PHOENIX (AP) — Justin Heap, a Republican state legislator who questioned the administration of elections in Arizona’s most populous county, has been elected to oversee the vote as Maricopa County Recorder.
Heap could dramatically alter the way elections are handled in Maricopa County, the fourth-largest U.S. county with a population of some 4.5 million and a hotbed of conspiracy theories about the vote following President-elect Donald Trump’s loss in 2020.
His Democratic challenger was Tim Stringham, who served in the military, first in the Army and then the Navy as an attorney in the Judge Advocate General’s Corps. Stringham conceded defeat and congratulated Heap on Wednesday.
The path to victory began with a win over the current Recorder Stephen Richer in the July Republican primary.

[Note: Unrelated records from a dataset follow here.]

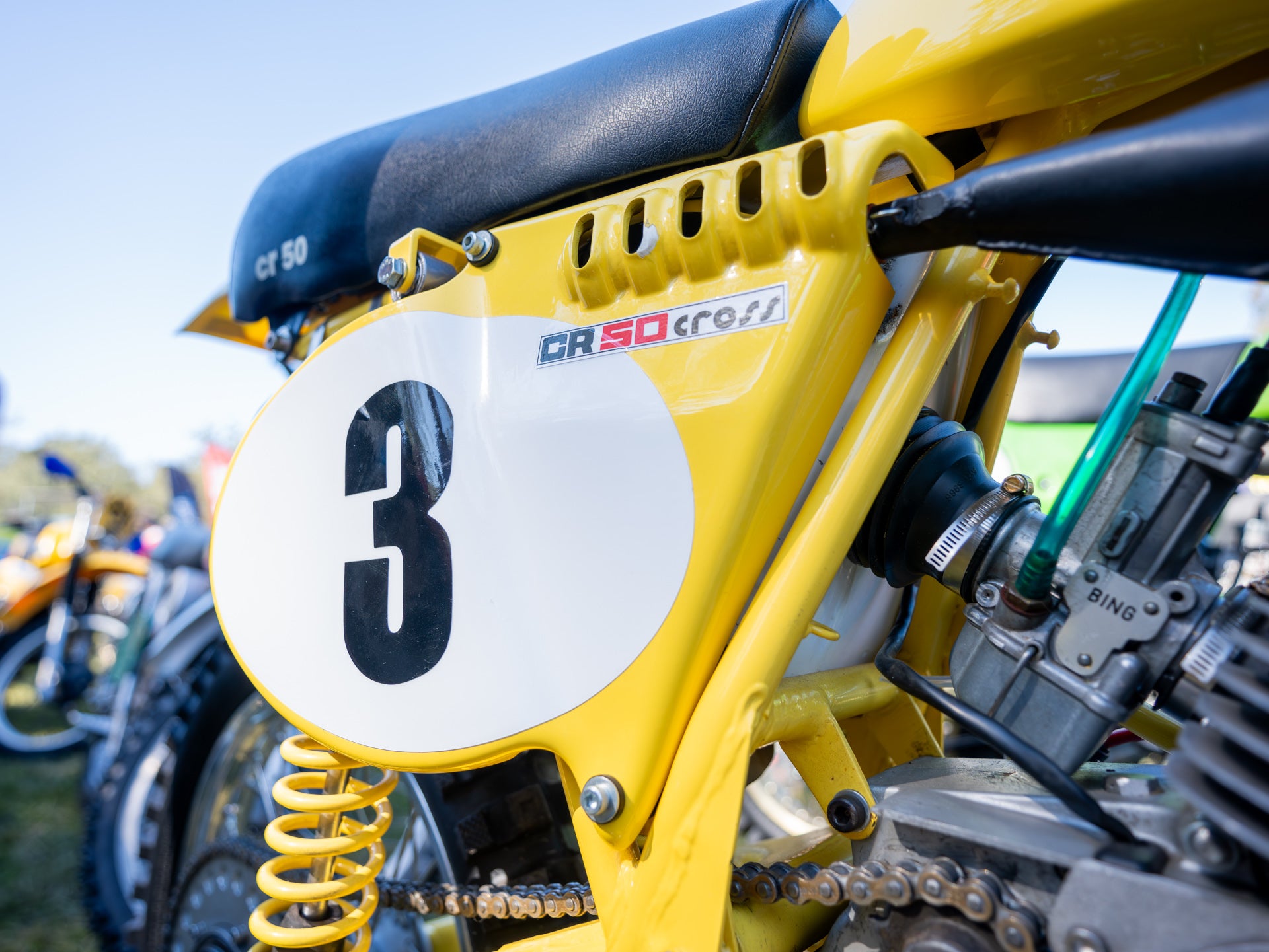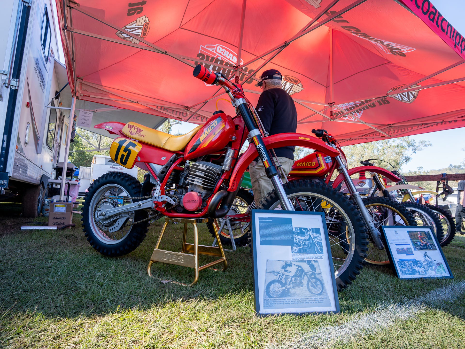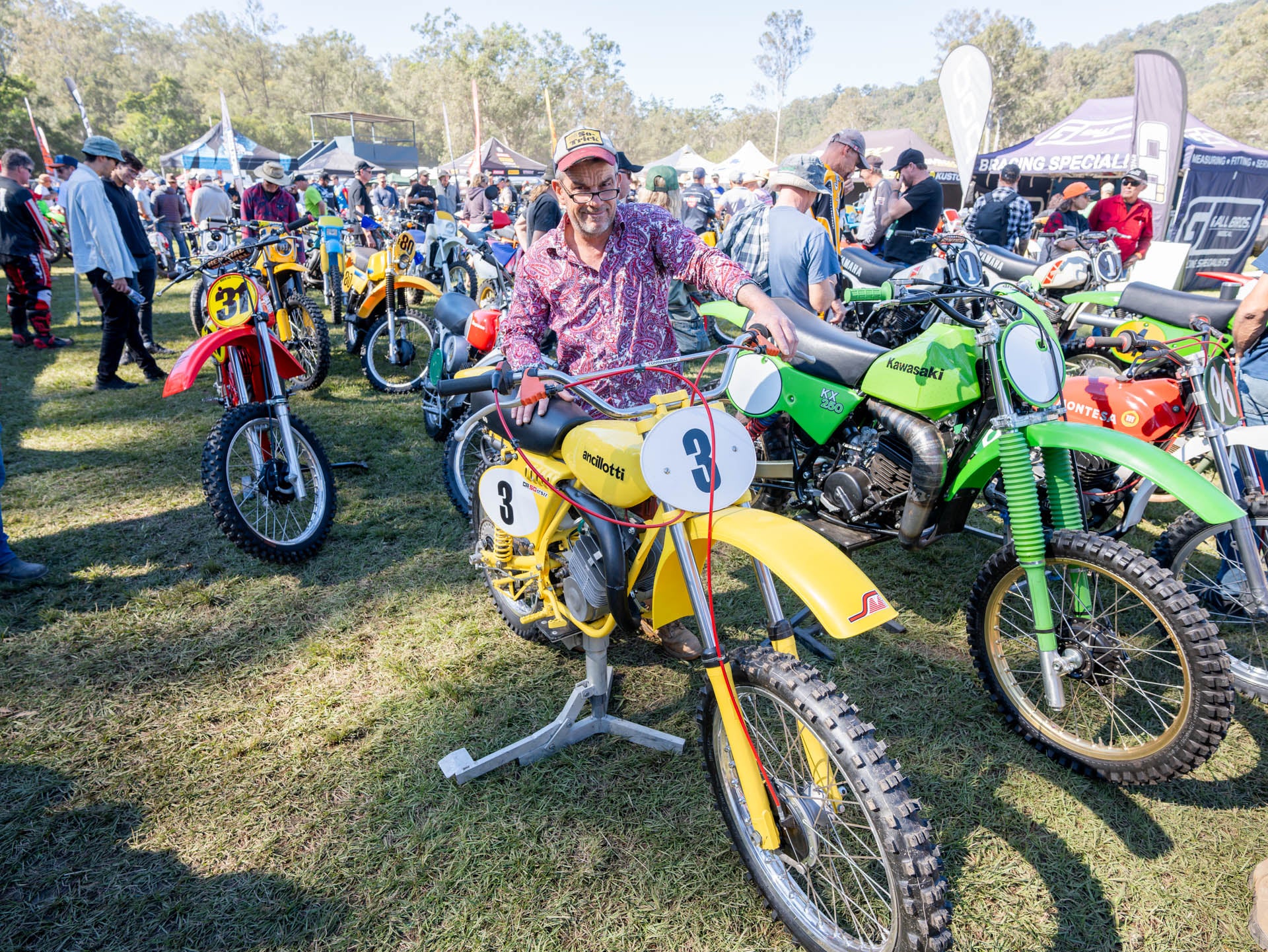 The Show and Shine has some of the shinier (and some not) examples on display, from ultra rare barn find to concourse restored bikes that may never see a dirt track. The club provided a huge amount of prizes for the show and shine entrants and even included a bike giveaway during the Saturday night. We managed to pull over a particularly proud owner of the yellow Anciolotti CR50, an ultra rare Italian MX bike. He had seen the bike in a Motocross magazine in the early 80’s, kept that magazine and hunted for the bike for 46 years before finally finding one in Europe, purchasing it and shipping it over. This sort of thing goes to illustrate just how passionate these guys are about their machines, if nothing else it's inspiring to see that kind of commitment to their chosen vice.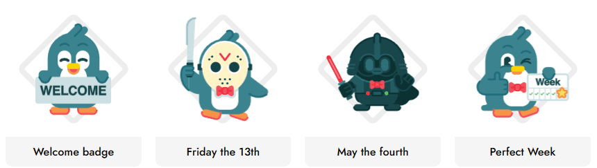 Studerende kan tjene op til 8 forskellige Attender badges for at møde op til undervisningen. Hver badge repræsenterer en forskellig præstation, hvilket tilføjer et element af udfordring og opnåelse til klassefremmøde. En sådan badge er “Perfekt Uge” badget, tildelt til studerende, der deltager i hver klasse i en uge. Nogle badges kan også opgraderes. Dette opmuntrer til konsekvens og regelmæssighed i fremmøde.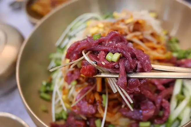 (사진 설명: 비주얼만으로 식욕을 돋우는 육회비빔국수 한 그릇)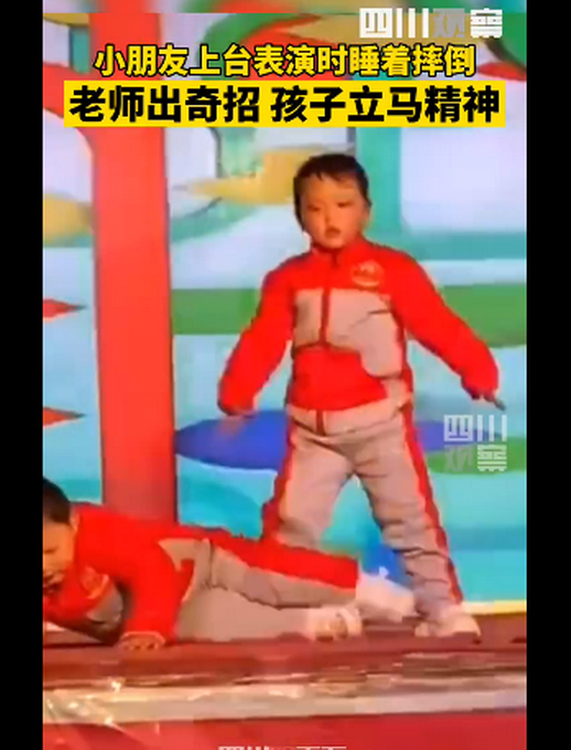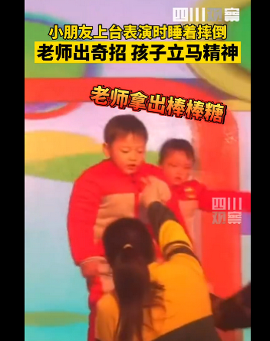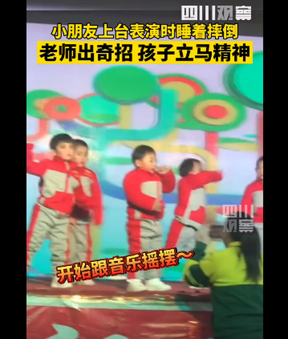 好可爱!小朋友舞台表演节目时睡着,老师一招让其摇摆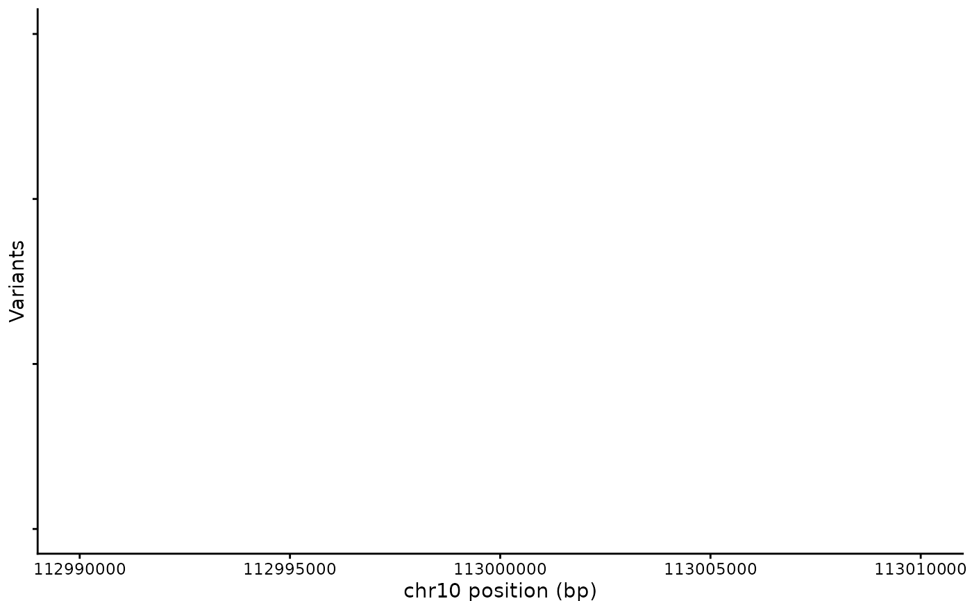 Genomic region (GenomicRanges::GRanges or a string like "chr10:112900000-113100000" that can be converted to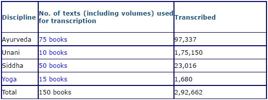Current status of transcription of the traditional medicine formulation in the Traditional knowledge Digital Library is given in the following table:

Richer has endured harassment — even death threats — and a flood of misinformation while defending the legitimacy of the vote over four years in one of the nation’s most closely watched political battlegrounds. His office fought off criticism over the results of the 2020 presidential election, as Trump and his supporters falsely claimed that widespread fraud cost him the race.
The recorder’s office splits election duties with the county Board of Supervisors, whose members were similarly attacked when they defended the county’s elections.
Heap has stopped short of saying the 2020 and 2022 elections were stolen, but he has said the state’s practices for handling early ballots are insecure and has questioned how ballots are transported, handled and stored after they are submitted. Earlier this year, Heap proposed an unsuccessful bill to remove Arizona from a multistate effort to maintain voter lists.
“I am humbled and honored to have been elected as the next Maricopa County Recorder,” Heap said in a victory statement Wednesday, shortly after Stringham conceded. “I intend to fulfill my promise of being a Recorder for every voter because protecting the integrity of our elections is an issue that impacts us all.”
He said he would work with the state Legislature to help “restore Maricopa County to its rightful place as the preeminent leader in elections management in all of America.”
Stringham posted on the social platform X that he called Heap “to congratulate him on a long campaign completed for both of us and wish him luck.”